Transcribe the data that follows without changing a word, and omit the pictures.

Source records:
========
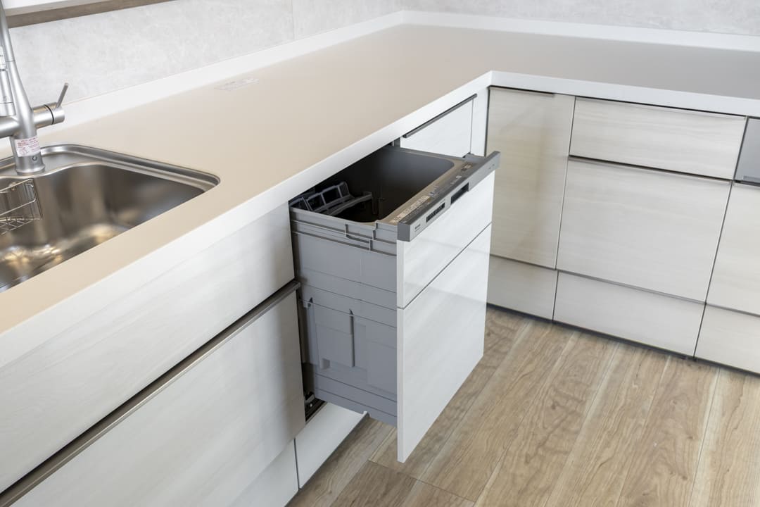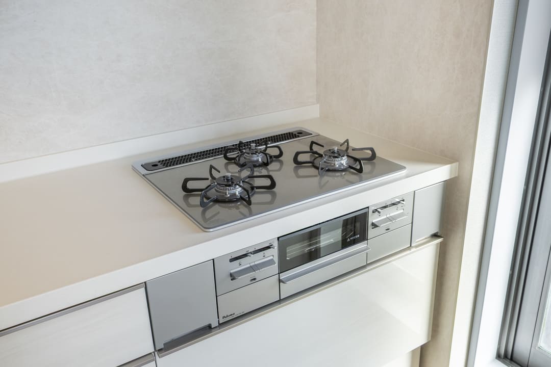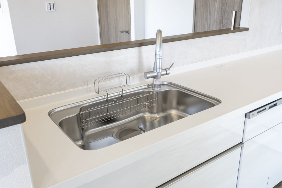 3口コンロ、グリル、食洗機付きと設備面も充実しています。シンクも広々としているので野菜などが洗いやすそうですよ。
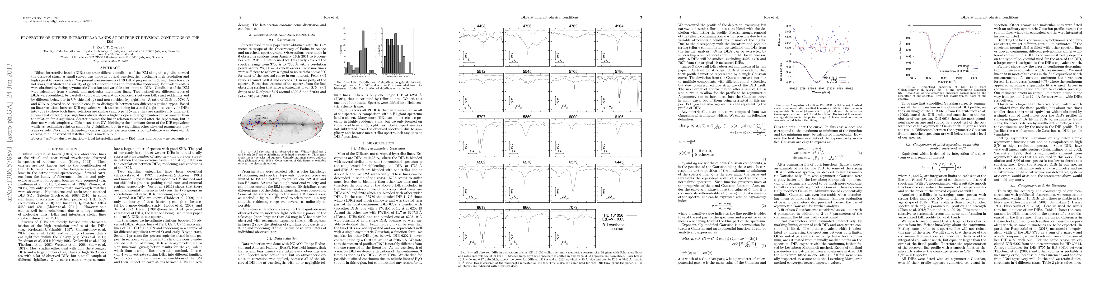 Diffuse interstellar bands (DIBs) can trace different conditions of the ISM along the sightline toward the observed stars. A small survey was made in optical wavelengths, producing high resolution and high signal to noise spectra. We present measurements of 19 DIBs' properties in 50 sightlines towards hot stars, distributed at a variety of galactic coordinates and interstellar reddening. Equivalent widths were obtained by fitting asymmetric Gaussian and variable continuum to DIBs. Conditions of the ISM were calculated from 8 atomic and molecular interstellar lines. Two distinctively different types of DIBs were identified, by carefully comparing correlation coefficients between DIBs and reddening and by different behaviour in UV shielded ($\zeta$) and non-shielded ($\sigma$) sightlines. A ratio of DIBs at 5780 \AA\ and~5797 \AA\ proved to be reliable enough to distinguish between two different sightline types. Based on linear relations between DIB equivalent width and reddening for $\sigma$ and $\zeta$ sightlines, we divide DIBs into type {\sc i} (where both linear relations are similar) and type {\sc ii} (where they are significantly different). Linear relation for $\zeta$ type sightlines always show a higher slope and larger x-intercept parameter than the relation for $\sigma$ sightlines. Scatter around the linear relation is reduced after the separation, but it does not vanish completely. This means that UV shielding is the dominant factor of the DIB equivalent width vs.\ reddening relation shape for $\zeta$ sightlines, but in $\sigma$ sightlines other physical parameters play a major role. No similar dependency on gas density, electron density or turbulence was observed. A catalog of all observed interstellar lines is made public.
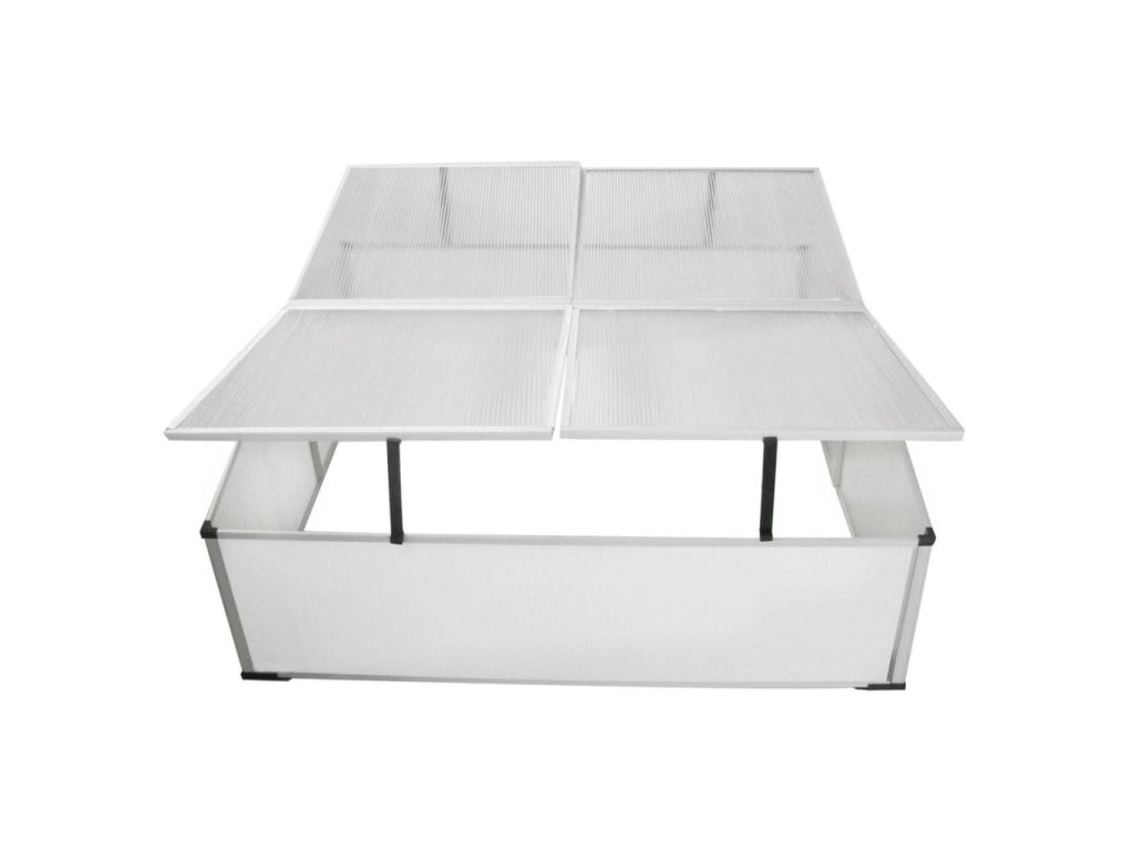Skleník umožňuje začať pestovanie kvetín a / alebo rastlín na začiatku roka. Steny a veká z mini-skleníka sú vyrobené z polykarbonátu. Skleník nemá podlahu a je jednoducho umiestnený nad mladé rastliny alebo semienka, takže ich môžete zasadiť priamo do zeme. Tieto 4 veká môže byť nastavená tak, aby ste boli schopní dosiahnuť každý roh mini-skleníka. Tento materiál je transparentný. Skleník je odolný teplu a proti nárazu. Materiál je tiež odolný proti UV žiareniu a ušetrí až do 40% viac tepla v porovnaní so sklom. Skleník je schopný odolávať teplotám v od -25 ° C do + 60 ° C. Počas zime tento mini-skleník bude chrániť mladé rastliny alebo semienka pred mrazom. Počas leta môžete predĺžiť dobu úrodu. Môžete množstvo svetla, vzduchu, tepla a vlhkosti.
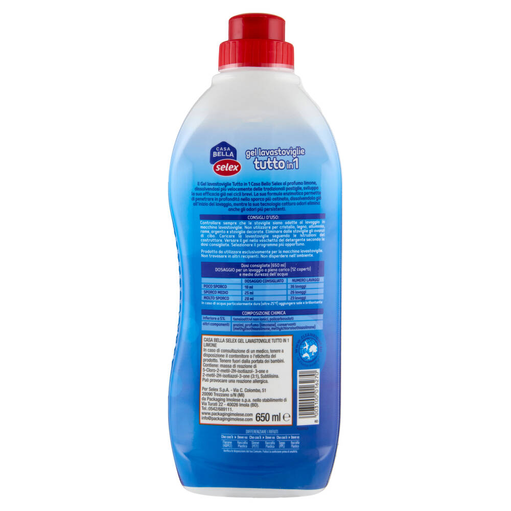Il Gel lavastoviglie Tutto in 1 Casa Bella Selex al profumo limone, dissolvendosi più velocemente delle tradizionali pastiglie, sviluppa la sua efficacia già nei cicli brevi. La sua formula enzimatica permette di penetrare in profondità nello sporco più ostinato, dissolvendolo già all'inizio del lavaggio, mentre la sua tecnologia cattura odori elimina anche gli odori più persistenti.
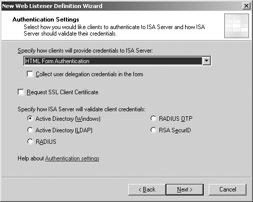 Нововведение при настройке Web-приемников в ISA Server 2006 — страница настройки Authentication Settings (см. экран 1). В раскрывающемся меню предлагаются различные виды аутентификации — HTML Form Authentication, HTTP Authentication, SSL Client Certificate Authentication и No Authentication. Параметры проверки в значительной степени «привязаны» к выбранной схеме аутентификации. Например, можно указать, что делегированные полномочия о пользователе будут задаваться в виде формы (флажок Collect user delegation credentials in a form), запросить SSL-сертификат и настроить способ проверки сертификатов в ISA Server 2006. Другие параметры проверки — Active Directory (AD) Windows или LDAP, Remote Authentication Dial-In User Service (RADIUS), RADIUS One-Time Password (OTP) и RSA SecurID.
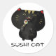 Adesivo Redondo Gato de Sushi Preto Kawaii Cute
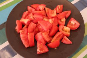 将番茄洗干净,如果有空把皮烫掉更好,没空可以直接切成块,要小一点哦
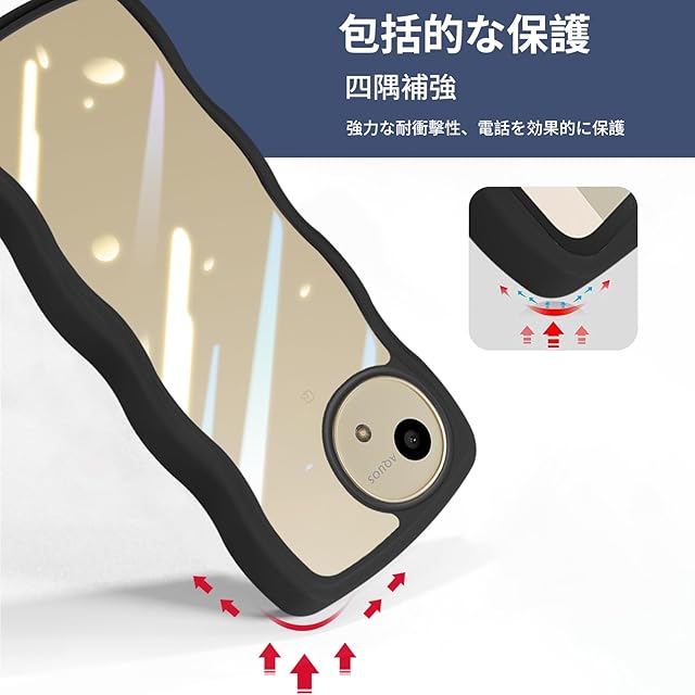 商品名:AQUOS R9/R10 かわいい ケース クリア 波状フレーム うねうね 耐衝撃 SH-51F/SH-51EE スマホケース 透明 滑り止め 人気 可愛い 女性用 女子向け アクオス R9/R10 カバー 落下防止 ワイヤレス充電対応 (ブラック)
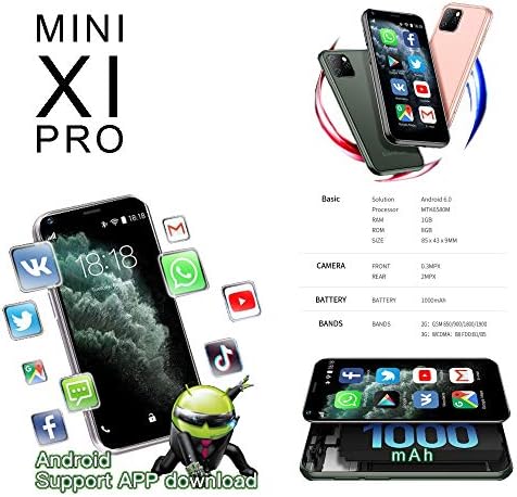 COOL MiNi SMART PHONE with such a Cute iPhone 11 Pro Max Look alike Design and a Mini 2.5 inch Little TouchScreen. Use it like any other Android mobile, You Can Browse the Internet anywhere and use Google Play Store to Download apps at the Palm of your Hand.    THIS PHONE IS UNLOCKED it will be compatible with all 2G and 3G network in US. This may include Cricket, Straight Talk, NET10, MetroPCS, Simple Mobile, Google Project Fi, T-mobile, VERIZON, AT&T and more. Check Your Network Compatibility FOR 3G WCDMA 850/2100MHz , 2G GSM 850/900/1800/1900MHz.    TINY DEVICE, MANY FEATURES! With Bluetooth, Wi-Fi and SIM Connectivity The little Smart Phone supports Voice Calling, Video Calls, Camera, Sound Record, Email, MP3 Playback, GPRS, FM Radio, Touchscreen, GPS Navigation, Message, SMS, MMS, Video Player, Memory Card Slots,Internet Browser. Use The GOOGLE PLAY STORE & Download your Favorite Apps: Facebook, Youtube, Twitter, Whatsapp, Chrome, Waze, Instagram and many more...    FAST STRONG AND DURABLE With MTK Quad CPU, 1GB Of RAM, 8GB of Storage. Strong durable body With a Great but Small iPhone 11pro / XI Pro Max Design!    CONNECT ANYWHERE GLOBAL UNLOCKED with Wifi, Bluetooth and GPS Navigation You can Connect anywhere Enjoy a Simple life With a Small portable SmartPhone. Check Your Network Band for GSM or WCDMA. Do Not Buy Before Checking Band Compatibility!    USE IT LIKE ANY OTHER ANDROID SMARTPHONE !!! Download your Apps via The Google Play Store. Smart & Small. Children Just Love It!!!    BEST BACKUP PHONE, POCKET SMARTPHONE - Improved 1000mAh Battery!!! Awesome Nice Gift! Portable and Great for Travel!!! Dual Camera: front (with Beautifying), Rear Back . Dual Sim dual standby.    MINI CUTE PHONE. Super small just like a bank card. Mini iPhone 11 Pro Look's and Feeling! XI Pro / Pro Max.
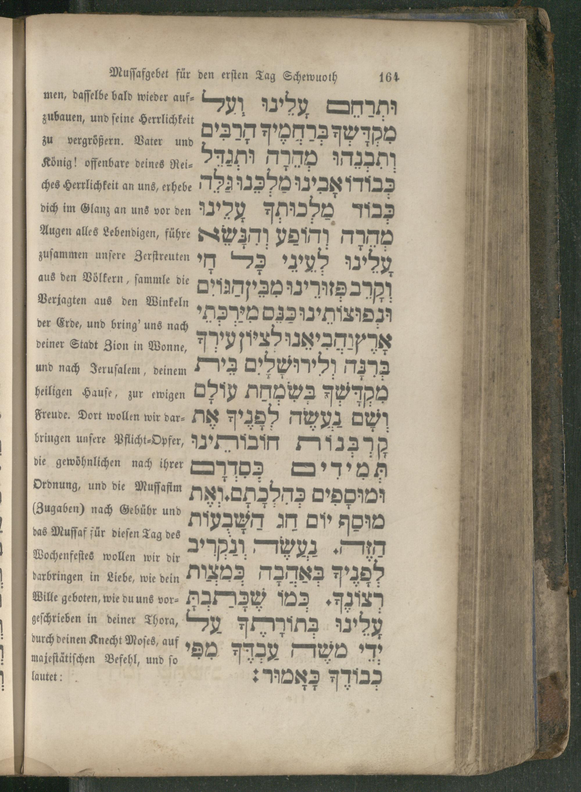 Freude. Dort wollen wir dar⸗ נעשה 755 אֶת DW bringen unſere Pflicht⸗Opfer, חובותתינו. 77 die gewöhnlichen nach ihrer—— מ, די 5 Ordnung, und die Muſſaſtm ומוּסְפִים בְּהַלְבָתֶם.וּאֶת Zugaben) nach Gebühr und מוסף יים הג השְבעות
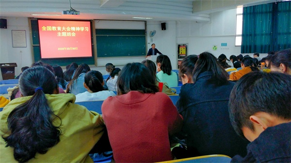 2018年9月10日全国教育大会召开,为深入学习贯彻落实全国教育大会的精神,加强我院学生对国家坚持深化教育改革创新、努力构建德智体美劳全面培养的教育体系的了解,生工学院按照学校的统一部署和安排,在各班级中积极开展了学习全国教育大会精神主题班会。
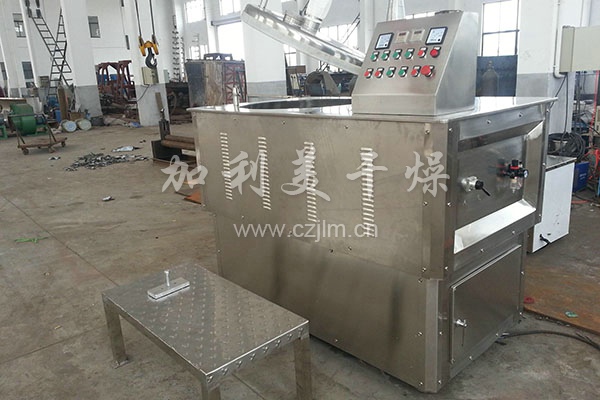 粉體物料與粘合劑在圓筒形容器中由底部混合漿充分混合成濕潤(rùn)軟材,然后由側(cè)置的高速粉碎槳切割成均勻的濕顆粒。
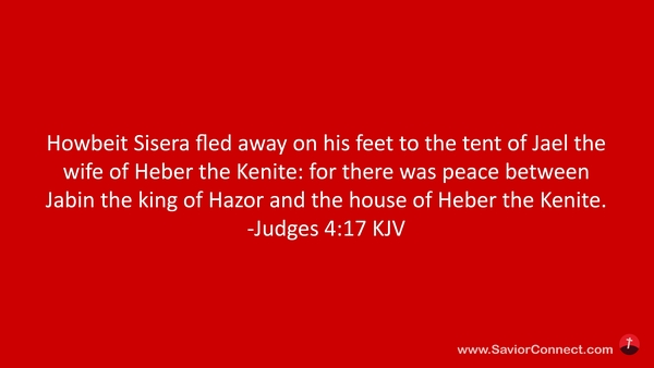 Howbeit Sisera fled away on his feet to the tent of Jael the wife of Heber the Kenite: for there was peace between Jabin the king of Hazor and the house of Heber the Kenite. -Judges 4:17 KJV
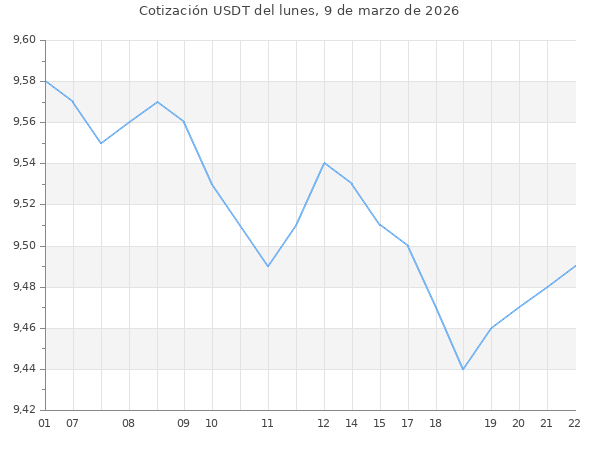 Cotización del USDT en Bolivia del lunes, 9 de marzo de 2026
========
Exercise answer:
 3口コンロ、グリル、食洗機付きと設備面も充実しています。シンクも広々としているので野菜などが洗いやすそうですよ。
 Diffuse interstellar bands (DIBs) can trace different conditions of the ISM along the sightline toward the observed stars. A small survey was made in optical wavelengths, producing high resolution and high signal to noise spectra. We present measurements of 19 DIBs' properties in 50 sightlines towards hot stars, distributed at a variety of galactic coordinates and interstellar reddening. Equivalent widths were obtained by fitting asymmetric Gaussian and variable continuum to DIBs. Conditions of the ISM were calculated from 8 atomic and molecular interstellar lines. Two distinctively different types of DIBs were identified, by carefully comparing correlation coefficients between DIBs and reddening and by different behaviour in UV shielded ($\zeta$) and non-shielded ($\sigma$) sightlines. A ratio of DIBs at 5780 \AA\ and~5797 \AA\ proved to be reliable enough to distinguish between two different sightline types. Based on linear relations between DIB equivalent width and reddening for $\sigma$ and $\zeta$ sightlines, we divide DIBs into type {\sc i} (where both linear relations are similar) and type {\sc ii} (where they are significantly different). Linear relation for $\zeta$ type sightlines always show a higher slope and larger x-intercept parameter than the relation for $\sigma$ sightlines. Scatter around the linear relation is reduced after the separation, but it does not vanish completely. This means that UV shielding is the dominant factor of the DIB equivalent width vs.\ reddening relation shape for $\zeta$ sightlines, but in $\sigma$ sightlines other physical parameters play a major role. No similar dependency on gas density, electron density or turbulence was observed. A catalog of all observed interstellar lines is made public.
Skleník umožňuje začať pestovanie kvetín a / alebo rastlín na začiatku roka. Steny a veká z mini-skleníka sú vyrobené z polykarbonátu. Skleník nemá podlahu a je jednoducho umiestnený nad mladé rastliny alebo semienka, takže ich môžete zasadiť priamo do zeme. Tieto 4 veká môže byť nastavená tak, aby ste boli schopní dosiahnuť každý roh mini-skleníka. Tento materiál je transparentný. Skleník je odolný teplu a proti nárazu. Materiál je tiež odolný proti UV žiareniu a ušetrí až do 40% viac tepla v porovnaní so sklom. Skleník je schopný odolávať teplotám v od -25 ° C do + 60 ° C. Počas zime tento mini-skleník bude chrániť mladé rastliny alebo semienka pred mrazom. Počas leta môžete predĺžiť dobu úrodu. Môžete množstvo svetla, vzduchu, tepla a vlhkosti.
Il Gel lavastoviglie Tutto in 1 Casa Bella Selex al profumo limone, dissolvendosi più velocemente delle tradizionali pastiglie, sviluppa la sua efficacia già nei cicli brevi. La sua formula enzimatica permette di penetrare in profondità nello sporco più ostinato, dissolvendolo già all'inizio del lavaggio, mentre la sua tecnologia cattura odori elimina anche gli odori più persistenti.
 Нововведение при настройке Web-приемников в ISA Server 2006 — страница настройки Authentication Settings (см. экран 1). В раскрывающемся меню предлагаются различные виды аутентификации — HTML Form Authentication, HTTP Authentication, SSL Client Certificate Authentication и No Authentication. Параметры проверки в значительной степени «привязаны» к выбранной схеме аутентификации. Например, можно указать, что делегированные полномочия о пользователе будут задаваться в виде формы (флажок Collect user delegation credentials in a form), запросить SSL-сертификат и настроить способ проверки сертификатов в ISA Server 2006. Другие параметры проверки — Active Directory (AD) Windows или LDAP, Remote Authentication Dial-In User Service (RADIUS), RADIUS One-Time Password (OTP) и RSA SecurID.
 Adesivo Redondo Gato de Sushi Preto Kawaii Cute
 将番茄洗干净,如果有空把皮烫掉更好,没空可以直接切成块,要小一点哦
 商品名:AQUOS R9/R10 かわいい ケース クリア 波状フレーム うねうね 耐衝撃 SH-51F/SH-51EE スマホケース 透明 滑り止め 人気 可愛い 女性用 女子向け アクオス R9/R10 カバー 落下防止 ワイヤレス充電対応 (ブラック)
 COOL MiNi SMART PHONE with such a Cute iPhone 11 Pro Max Look alike Design and a Mini 2.5 inch Little TouchScreen. Use it like any other Android mobile, You Can Browse the Internet anywhere and use Google Play Store to Download apps at the Palm of your Hand.    THIS PHONE IS UNLOCKED it will be compatible with all 2G and 3G network in US. This may include Cricket, Straight Talk, NET10, MetroPCS, Simple Mobile, Google Project Fi, T-mobile, VERIZON, AT&T and more. Check Your Network Compatibility FOR 3G WCDMA 850/2100MHz , 2G GSM 850/900/1800/1900MHz.    TINY DEVICE, MANY FEATURES! With Bluetooth, Wi-Fi and SIM Connectivity The little Smart Phone supports Voice Calling, Video Calls, Camera, Sound Record, Email, MP3 Playback, GPRS, FM Radio, Touchscreen, GPS Navigation, Message, SMS, MMS, Video Player, Memory Card Slots,Internet Browser. Use The GOOGLE PLAY STORE & Download your Favorite Apps: Facebook, Youtube, Twitter, Whatsapp, Chrome, Waze, Instagram and many more...    FAST STRONG AND DURABLE With MTK Quad CPU, 1GB Of RAM, 8GB of Storage. Strong durable body With a Great but Small iPhone 11pro / XI Pro Max Design!    CONNECT ANYWHERE GLOBAL UNLOCKED with Wifi, Bluetooth and GPS Navigation You can Connect anywhere Enjoy a Simple life With a Small portable SmartPhone. Check Your Network Band for GSM or WCDMA. Do Not Buy Before Checking Band Compatibility!    USE IT LIKE ANY OTHER ANDROID SMARTPHONE !!! Download your Apps via The Google Play Store. Smart & Small. Children Just Love It!!!    BEST BACKUP PHONE, POCKET SMARTPHONE - Improved 1000mAh Battery!!! Awesome Nice Gift! Portable and Great for Travel!!! Dual Camera: front (with Beautifying), Rear Back . Dual Sim dual standby.    MINI CUTE PHONE. Super small just like a bank card. Mini iPhone 11 Pro Look's and Feeling! XI Pro / Pro Max.
 Freude. Dort wollen wir dar⸗ נעשה 755 אֶת DW bringen unſere Pflicht⸗Opfer, חובותתינו. 77 die gewöhnlichen nach ihrer—— מ, די 5 Ordnung, und die Muſſaſtm ומוּסְפִים בְּהַלְבָתֶם.וּאֶת Zugaben) nach Gebühr und מוסף יים הג השְבעות
 2018年9月10日全国教育大会召开,为深入学习贯彻落实全国教育大会的精神,加强我院学生对国家坚持深化教育改革创新、努力构建德智体美劳全面培养的教育体系的了解,生工学院按照学校的统一部署和安排,在各班级中积极开展了学习全国教育大会精神主题班会。
 粉體物料與粘合劑在圓筒形容器中由底部混合漿充分混合成濕潤(rùn)軟材,然后由側(cè)置的高速粉碎槳切割成均勻的濕顆粒。
 Howbeit Sisera fled away on his feet to the tent of Jael the wife of Heber the Kenite: for there was peace between Jabin the king of Hazor and the house of Heber the Kenite. -Judges 4:17 KJV
 Cotización del USDT en Bolivia del lunes, 9 de marzo de 2026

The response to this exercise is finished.